How do LLMs handle these “no-win” scenarios? Do they think like us? Do they follow the rigid rules of Immanuel Kant, or do they calculate the “greatest good” like John Stuart Mill?

A fascinating new research paper, The Greatest Good Benchmark: Measuring LLMs’ Alignment with Utilitarian Moral Dilemmas, tackles this exact problem. The researchers introduce a novel framework to quantify the moral preferences of AI. Their findings are surprising: LLMs do not simply mirror human morality, nor do they strictly adhere to established philosophical theories. Instead, they are carving out a distinct “artificial morality”—one that is hyper-altruistic yet deeply averse to causing direct harm.

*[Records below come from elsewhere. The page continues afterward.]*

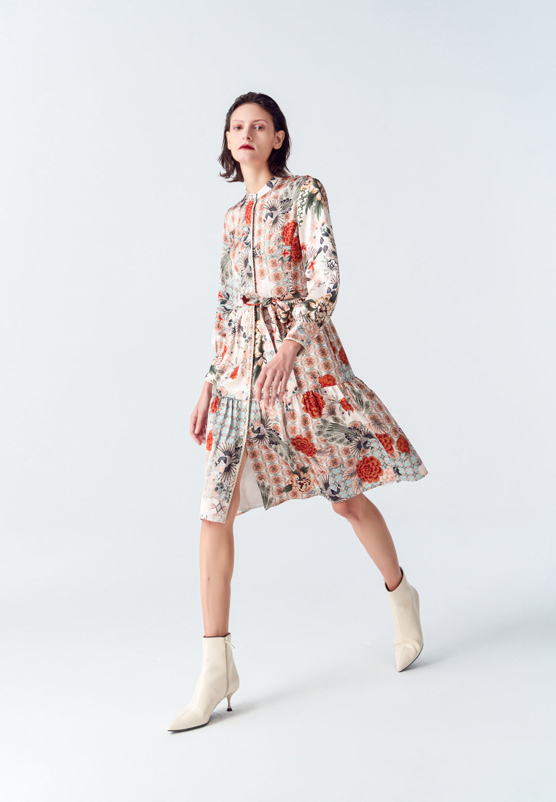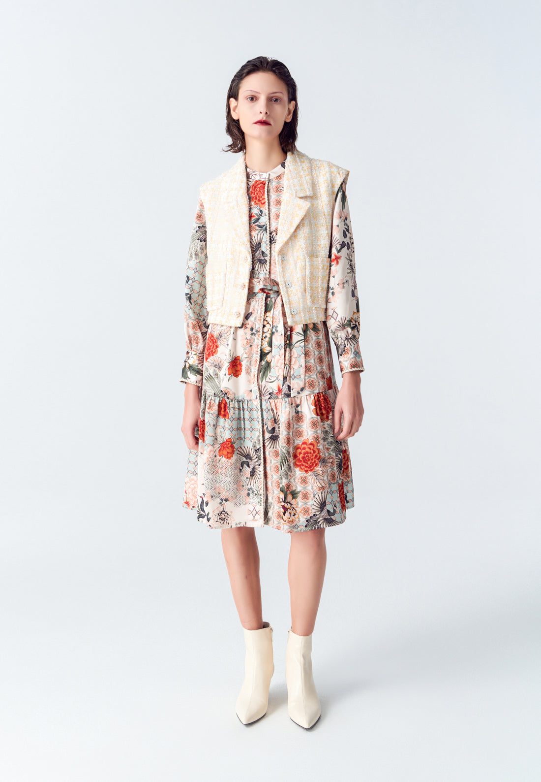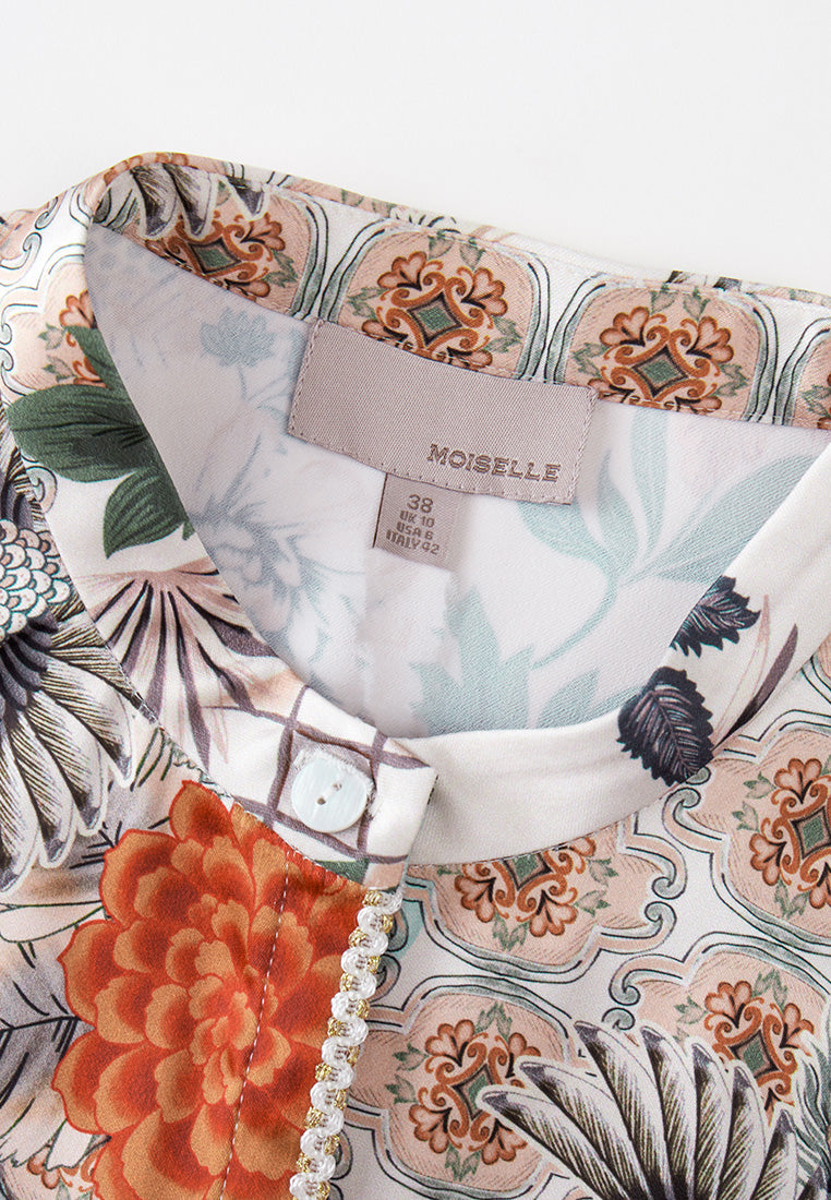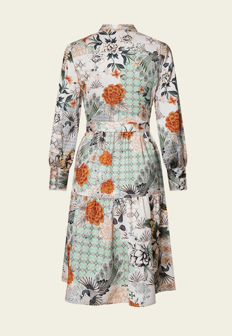 A contemporary item that impresses people with a friendly and vibrant character. Intricately repetitive patterns are reminiscent of Morocco tiles. The patterns collage with flowers and birds, resulting in an item filled with an oriental aesthetic. A ready-to-go commercial lunch/office wear you do not want to miss.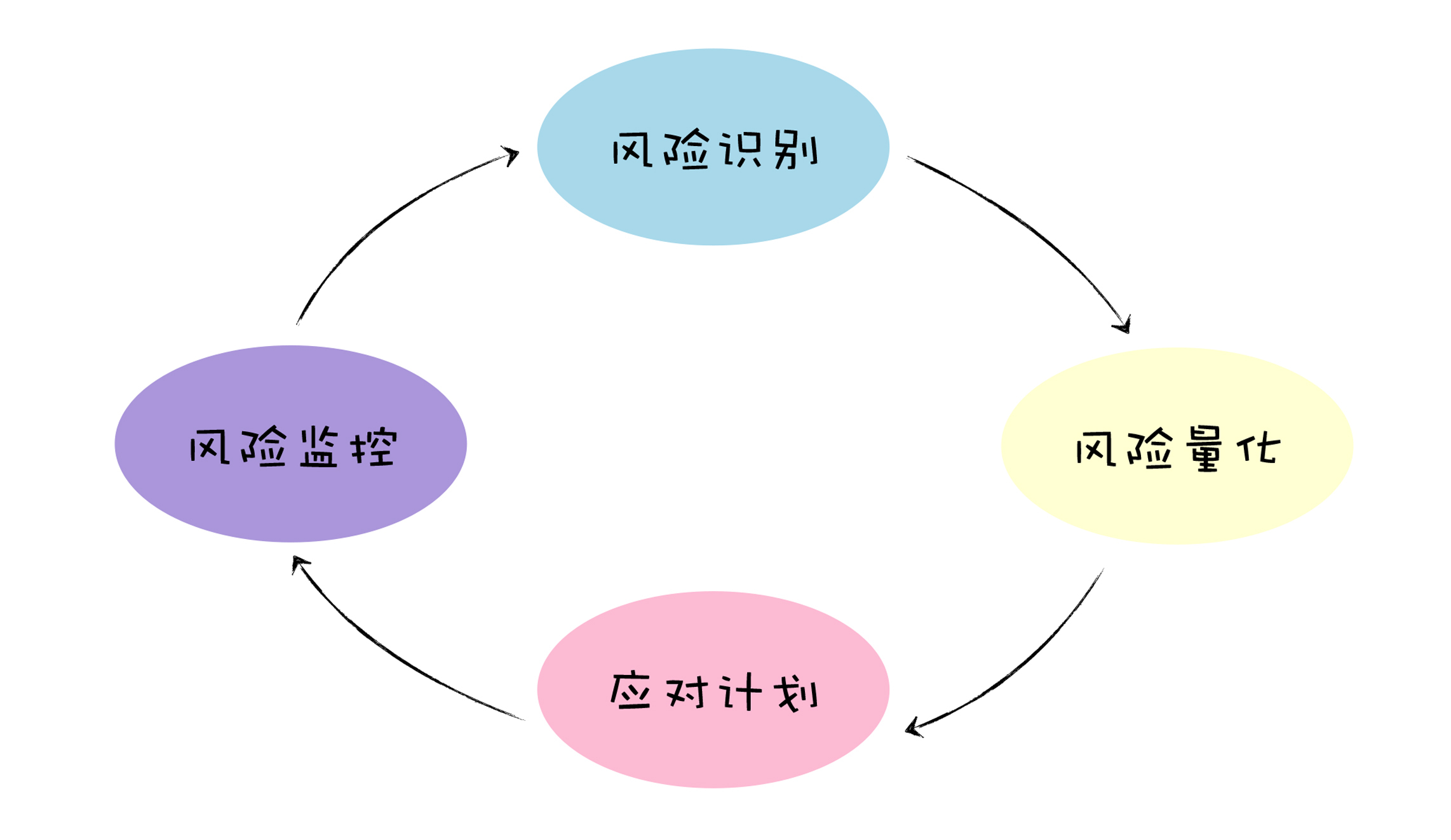 以上四个风险管理的步骤是一个连续循环的过程,在整个项目期间,都要持续地对风险进行识别,对风险量化,对于风险采取应对计划,对风险进行监控。
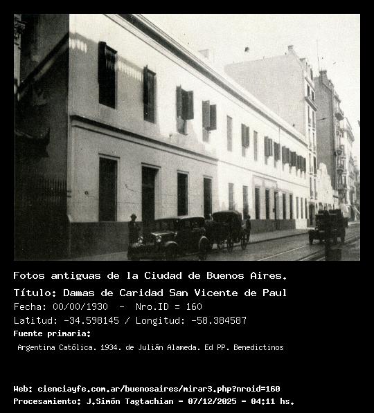 Damas de Caridad San Vicente de Paul - 00/00/1930 - [Id: 160] Fuente:Argentina Católica. 1934. de Julián Alameda. Ed PP. Benedictinos |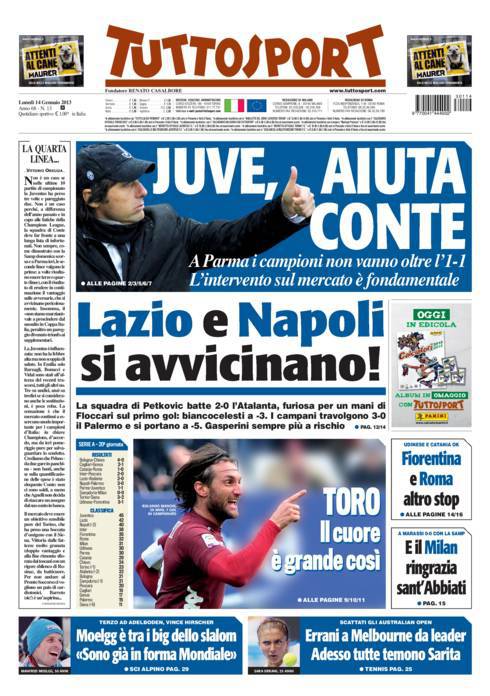 TUTTOSPORT JUVENTUS CONTE – Su Tuttosport si parla della Juventus che ha bisogno di un grande centravanti.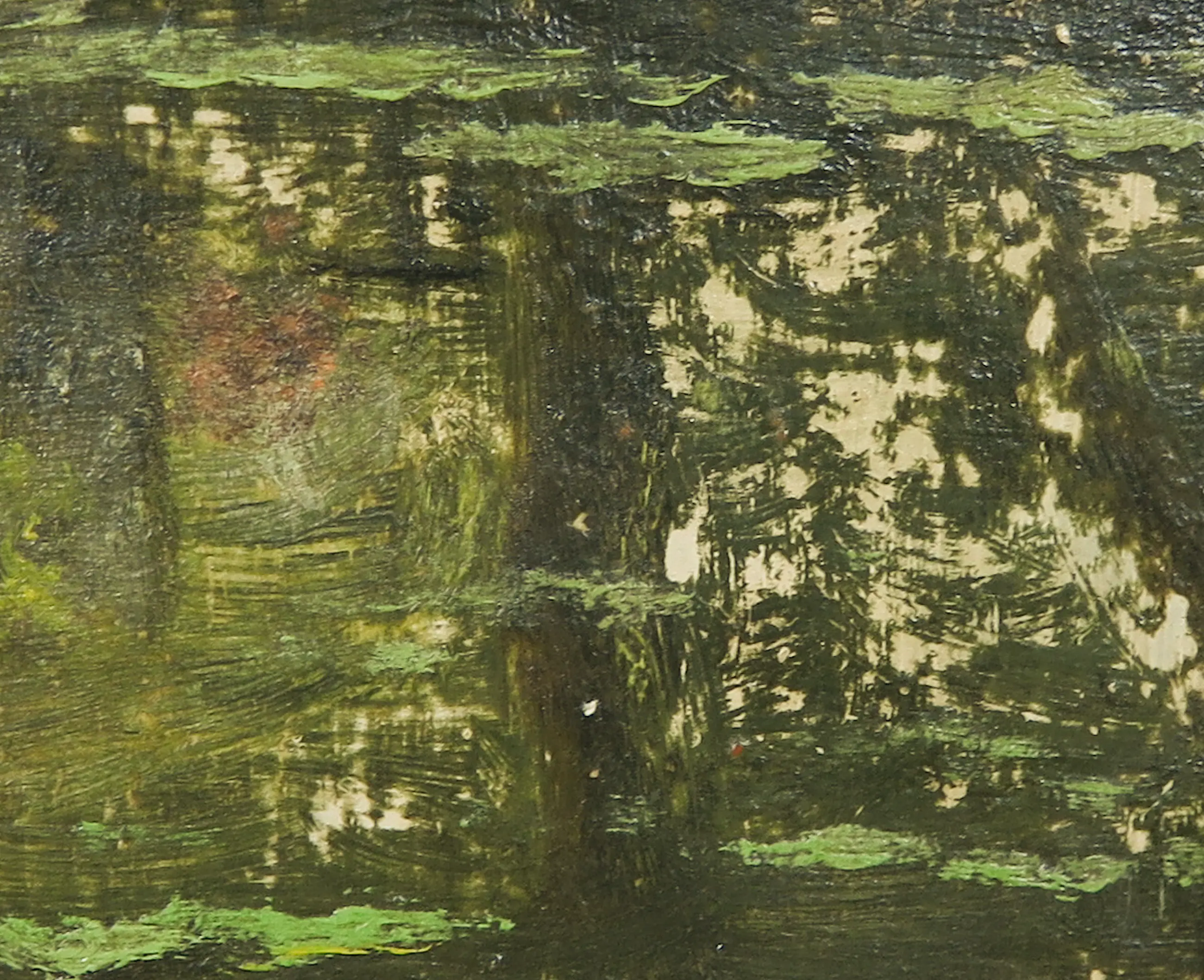 | Het werk is in redelijke staat. Het vernis is wat vergeeld en daarnaast zit er wat oppervlakteschade aan de rechter beneden hoek. | |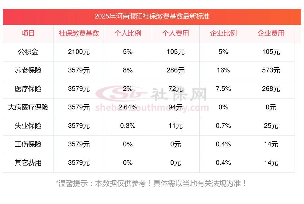 2025河南濮阳社保个人缴费最低标准!河南濮阳社保交多少钱?据新社通app获悉:河南濮阳企业职工社保缴费基数为:3579.00元。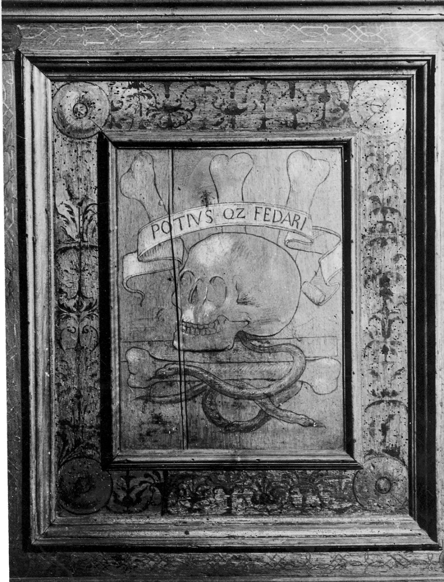 Uno degli sportelli dell'armadio inferiorein legno intarsiato in parte dipinto con raffigurazione di teschio con ossa e serpente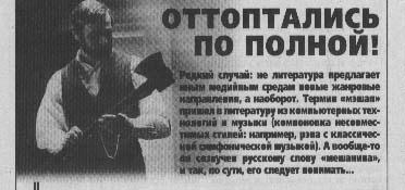 Редкий случай: не литература предлагает иныммедийным средам новые жанровые направления, а наоборот. Термин «мэшап» пришел в литературу из компьютерных технологий и музыки (компоновка несовместимых стилей: например, рэпа с классической симфонической музыкой). А вообще-то он созвучен русскому слову «мешанина», и так, по сути, его следует понимать…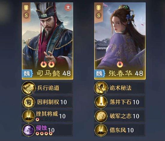 技能配置上,曹操依然可以沿用“刮骨疗毒”和“坚阵合一”来保证自身的生存与团队恢复。司马懿可以携带“挫其将威”与“太平道法”,前者能削弱敌方将领,后者则能提升其法术输出能力。张春华则推荐使用“借尸还魂”和“君心我心”,这两个技能能有效提升她的各项属性,并强化中毒效果的层数与伤害,使队伍的持续输出能力更为可观。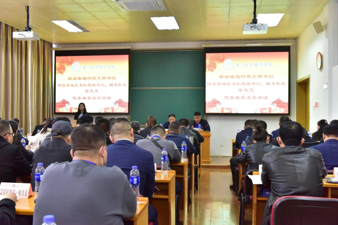 2月22日,培训班举行了开班仪式。厦门大学经济学院副院长彭水军代表学院致欢迎辞,学院依托厦门大学的学科、师资、智力等优势,以“知识创造价值,学术服务社会”为宗旨,坚持社会效益优先,采取课堂面授与实战教学相结合的模式,主动服务国家发展建设的大局需要,主动适应各级各类干部自身发展的需要,致力于为学员提供优秀的师资、课程和服务。彭院长代表学院感谢总队党委的信任,欢迎来自大美新疆的国土卫士加入厦门大学,并对成功举办此次培训班充满信心。
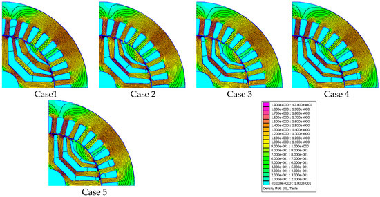 Figure 12 shows the power factor and the saliency ratio for the optimal geometry for different cases studied at rated conditions and at different current angles. It is noted that the fourth case had the highest value of the power factor. It was 0.6628. This was due to its higher optimal current angle compared to the first case. The power factor of the first case was 0.6297. Figure 12b shows that the first case gave the highest saliency ratio and the second case gave the lowest saliency ratio. In addition, the saliency ratio of the first case was about 11.7% higher than its value in the third case. The distribution of flux density at the same instant of the optimal geometry is shown in Figure 13 for the various study cases. It was been found that the rotor geometry calculated from the first case had less saturated area compared to other studied cases.

In this post, we will deconstruct this paper, exploring how we can mathematically measure morality in machines and what the results tell us about the future of AI alignment.

The Conflict of Values

To understand the difficulty of AI alignment, we must look beyond the standard “3H” framework used by companies like Anthropic and OpenAI. This framework guides models to be:

  1. Helpful: Act in the user’s best interest.
  2. Harmless: Avoid damaging anyone.
  3. Honest: Convey accurate information.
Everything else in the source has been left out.